The NRC’s captains have welcomed the addition of some experimental rules into the competition this year.
Kicking off on Saturday, the 2019 NRC will have a rugby league-style 50-22/22-50 kicking rule and introduce a line dropout when the ball is held up over the line.
The latter rule is one that should excite plenty of forwards after years of heading to five-metre scrums after stopping a try over the line.
Teams won't have to take the dropout under the posts either, in contrast to rugby league, giving them the chance to exit their defensive zone immediately.
NSW Country captain Ned Hanigan said it would be a positive move for defending teams, especially.
“That's always been a bit of a questionable rule - you hold them up over the line and they get a five-metre scrum, which straight away puts the pressure back on you,” he said.
“This way it’s a quick hold up, get the ball back, kick to buggery down the field and yeah, so it'll be a bit exciting, it'll open the game up.”
Interestingly, Rugby Australia’s director of rugby Scott Johnson was the man who first posed that law variation, at World Rugby’s laws committee.
“Scott Johnson is our representative on that group, and he is particularly good in that space, like he really wants to innovate and see the game really move,” Rugby AU CEO Raelene Castle said.
“So he is quite a leader in that group, probably less conservative than some of our northern hemisphere friends.
He is a real fan of the 50-22, and it was his initiative the drop-out after the held-up over the line.
“That was something he really pushed for at World Rugby.”
Castle said the NRC was the perfect environment for testing new rules, with the aim to open up the flow of the game.
“The whole point of the trial is so they can look at it in a competition like this, and make sure it doesn’t open up opportunities in other areas of the game,” she said.
“Because sometimes when you change a law here, this happens over there and then you end up with unfortunate consequences.
“So trialling it makes sure when you put into into Super Rugby and Test rugby you are really sure it is the right law change.”
Brisbane City skipper Fraser McReight is certainly hoping the law variations open the matches up more this year.
The 50:22 kicking law is aimed at forcing players to drop out of the defensive line to prevent their opponents from kicking into touch, opening up more space across the field.
“I think I can see this year it's going to be a very high-scoring NRC but it's not going to be five-metre scrums, scrum, scrum, scrums, penalty try.
“It's going to be held them up, kick the ball up, attacking rugby,” he said.
“We like that and it's rewarding because the best thing about rugby is not just the scrums and the mauls but for me, I love the running, I love the tackling, love the openness and the freedom of the game, that's what this NRC season's going to do so I can't wait to get stuck in.”

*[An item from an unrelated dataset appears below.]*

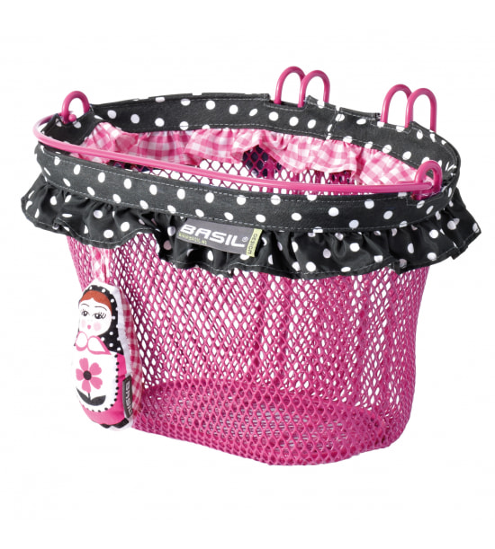 oval, Stahl, engmaschig, abnehmbar, mit Baboushka Pendel, farbigem Zierrand, sichere Lenkerhaken, Tragbügel.

The new 50-22 rule will give teams an attacking lineout should they kick from their own half and the ball bounces into touch in their attacking 22 or if they boot the ball from their own 22 beyond halfway.
Sydney captain Lalakai Foketi said he felt it would be an easy one to adapt to given how many players have grown up watching or playing rugby league
"I guess my first option would be to run it but I think it's great, it's pretty smart, get rewarded for good play," he said.

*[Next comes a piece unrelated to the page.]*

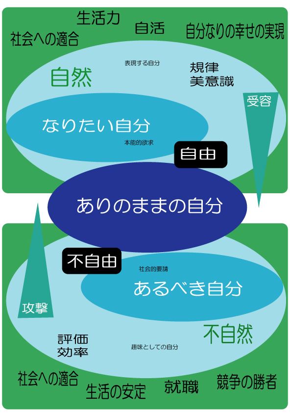 ありのままの自分 森のようちえん 2020年05月10日 「良い」「悪い」「望ましい」「避けるべき」という対立する価値観を示しているのではありません。両方正しくて、両方間違っている。ただ、言えることは以下のことです。・ベクトルがちがうので、いいところ取りはできない・目的に合わない手段は無効で、苦しみしか産まない・転向は今日からでもできる・見分ける方法は明確にできる・「ありのままの自分」を強調するのは、嘆かわしい状況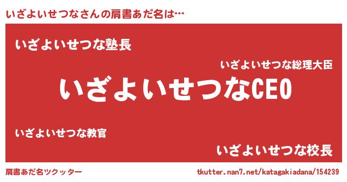 | ポケモン風あだ名 | 『イザチュウ』『ヒイザヨイセツナ』 |

"If we get into that right position on the field, I'm sure that boys will do that and see what happens. We get a lineout in their 22, hopefully we can counter on that.
"Everyone watches rugby league here and I'm sure most of them have grown up playing rugby league so again talking to a couple of the boys like Will Harrison and that about the kicking rules, they're loving it so I'm sure if we're in our 50 and we've got a four on two they'll still kick it into the 22.
The NRC kicks off on Saturday August 31 with NSW Country Eagles hosting the Sydney Rays at Apex Oval, Dubbo.